Somewhere below is a line with "Bienvenidos a nuestra" and, later, a line with "La plaza de"; repeat those two lines and all the lines between them, exactly as they are.

* The data
┌──
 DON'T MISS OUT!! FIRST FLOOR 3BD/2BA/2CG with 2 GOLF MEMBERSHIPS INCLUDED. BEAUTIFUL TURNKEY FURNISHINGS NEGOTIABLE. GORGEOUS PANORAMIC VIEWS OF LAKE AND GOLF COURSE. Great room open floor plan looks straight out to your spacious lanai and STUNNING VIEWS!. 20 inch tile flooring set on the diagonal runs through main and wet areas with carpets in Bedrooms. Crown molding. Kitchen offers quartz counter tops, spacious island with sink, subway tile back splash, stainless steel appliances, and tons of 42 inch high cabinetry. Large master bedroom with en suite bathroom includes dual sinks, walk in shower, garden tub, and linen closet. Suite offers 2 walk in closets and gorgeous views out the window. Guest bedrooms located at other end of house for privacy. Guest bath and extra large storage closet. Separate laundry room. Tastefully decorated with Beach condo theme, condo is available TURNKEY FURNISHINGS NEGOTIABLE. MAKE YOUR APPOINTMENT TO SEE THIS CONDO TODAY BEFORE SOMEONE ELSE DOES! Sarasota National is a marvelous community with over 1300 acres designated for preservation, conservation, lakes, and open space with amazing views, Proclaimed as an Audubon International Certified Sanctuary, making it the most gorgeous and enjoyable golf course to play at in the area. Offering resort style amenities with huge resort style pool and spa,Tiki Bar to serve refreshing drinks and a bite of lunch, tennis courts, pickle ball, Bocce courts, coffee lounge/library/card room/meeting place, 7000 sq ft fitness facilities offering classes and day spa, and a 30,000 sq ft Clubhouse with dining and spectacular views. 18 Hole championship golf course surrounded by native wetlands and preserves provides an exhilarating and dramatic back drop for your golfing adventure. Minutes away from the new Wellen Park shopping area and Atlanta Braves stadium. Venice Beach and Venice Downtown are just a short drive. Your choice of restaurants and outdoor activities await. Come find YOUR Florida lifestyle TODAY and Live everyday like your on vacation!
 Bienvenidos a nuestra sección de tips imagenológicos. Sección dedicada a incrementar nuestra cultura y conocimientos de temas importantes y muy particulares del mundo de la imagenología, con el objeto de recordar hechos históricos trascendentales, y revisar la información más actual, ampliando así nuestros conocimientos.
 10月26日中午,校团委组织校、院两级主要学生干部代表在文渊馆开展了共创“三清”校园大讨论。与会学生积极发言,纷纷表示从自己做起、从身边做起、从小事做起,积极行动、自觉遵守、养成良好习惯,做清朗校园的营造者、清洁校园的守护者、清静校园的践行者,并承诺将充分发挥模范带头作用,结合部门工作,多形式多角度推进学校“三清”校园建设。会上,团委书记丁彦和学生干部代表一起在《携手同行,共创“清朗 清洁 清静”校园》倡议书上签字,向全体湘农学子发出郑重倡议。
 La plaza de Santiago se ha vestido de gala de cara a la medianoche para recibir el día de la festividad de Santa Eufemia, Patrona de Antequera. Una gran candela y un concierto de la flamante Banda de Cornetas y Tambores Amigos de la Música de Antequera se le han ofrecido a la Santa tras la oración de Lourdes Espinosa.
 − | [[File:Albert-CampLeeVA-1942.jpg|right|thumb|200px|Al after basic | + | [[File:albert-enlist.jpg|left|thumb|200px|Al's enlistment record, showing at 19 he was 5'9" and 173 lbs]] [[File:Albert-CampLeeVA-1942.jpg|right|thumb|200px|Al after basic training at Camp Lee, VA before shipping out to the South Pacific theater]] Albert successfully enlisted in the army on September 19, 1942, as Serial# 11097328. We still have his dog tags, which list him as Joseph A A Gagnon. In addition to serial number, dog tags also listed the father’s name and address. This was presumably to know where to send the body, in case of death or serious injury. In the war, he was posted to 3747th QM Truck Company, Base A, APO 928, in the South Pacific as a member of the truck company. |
└──
┌──
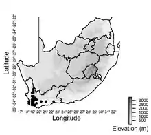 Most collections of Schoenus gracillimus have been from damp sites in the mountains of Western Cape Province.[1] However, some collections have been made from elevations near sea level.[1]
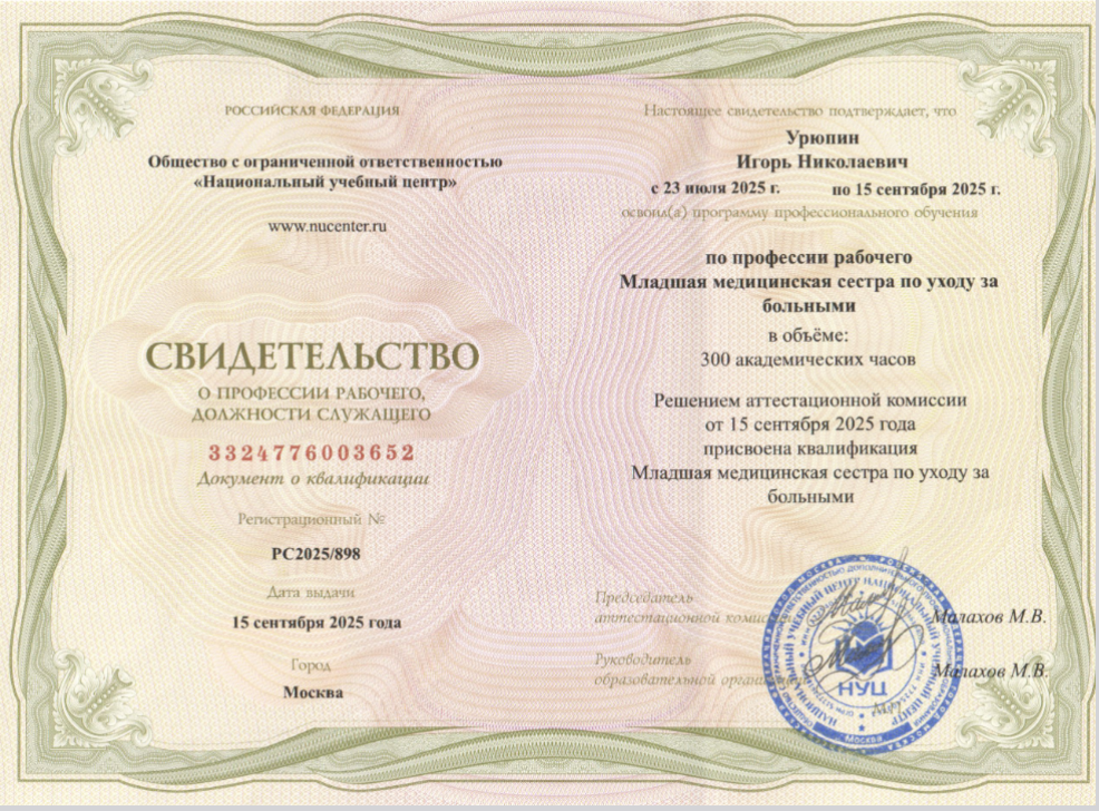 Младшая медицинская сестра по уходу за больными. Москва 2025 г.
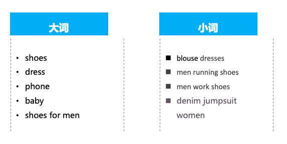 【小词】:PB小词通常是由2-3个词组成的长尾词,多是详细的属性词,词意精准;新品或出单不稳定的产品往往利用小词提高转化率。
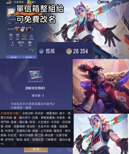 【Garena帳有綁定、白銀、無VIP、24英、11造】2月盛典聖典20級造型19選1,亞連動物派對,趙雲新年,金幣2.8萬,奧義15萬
└──
* Your response
 Bienvenidos a nuestra sección de tips imagenológicos. Sección dedicada a incrementar nuestra cultura y conocimientos de temas importantes y muy particulares del mundo de la imagenología, con el objeto de recordar hechos históricos trascendentales, y revisar la información más actual, ampliando así nuestros conocimientos.
 10月26日中午,校团委组织校、院两级主要学生干部代表在文渊馆开展了共创“三清”校园大讨论。与会学生积极发言,纷纷表示从自己做起、从身边做起、从小事做起,积极行动、自觉遵守、养成良好习惯,做清朗校园的营造者、清洁校园的守护者、清静校园的践行者,并承诺将充分发挥模范带头作用,结合部门工作,多形式多角度推进学校“三清”校园建设。会上,团委书记丁彦和学生干部代表一起在《携手同行,共创“清朗 清洁 清静”校园》倡议书上签字,向全体湘农学子发出郑重倡议。
 La plaza de Santiago se ha vestido de gala de cara a la medianoche para recibir el día de la festividad de Santa Eufemia, Patrona de Antequera. Una gran candela y un concierto de la flamante Banda de Cornetas y Tambores Amigos de la Música de Antequera se le han ofrecido a la Santa tras la oración de Lourdes Espinosa.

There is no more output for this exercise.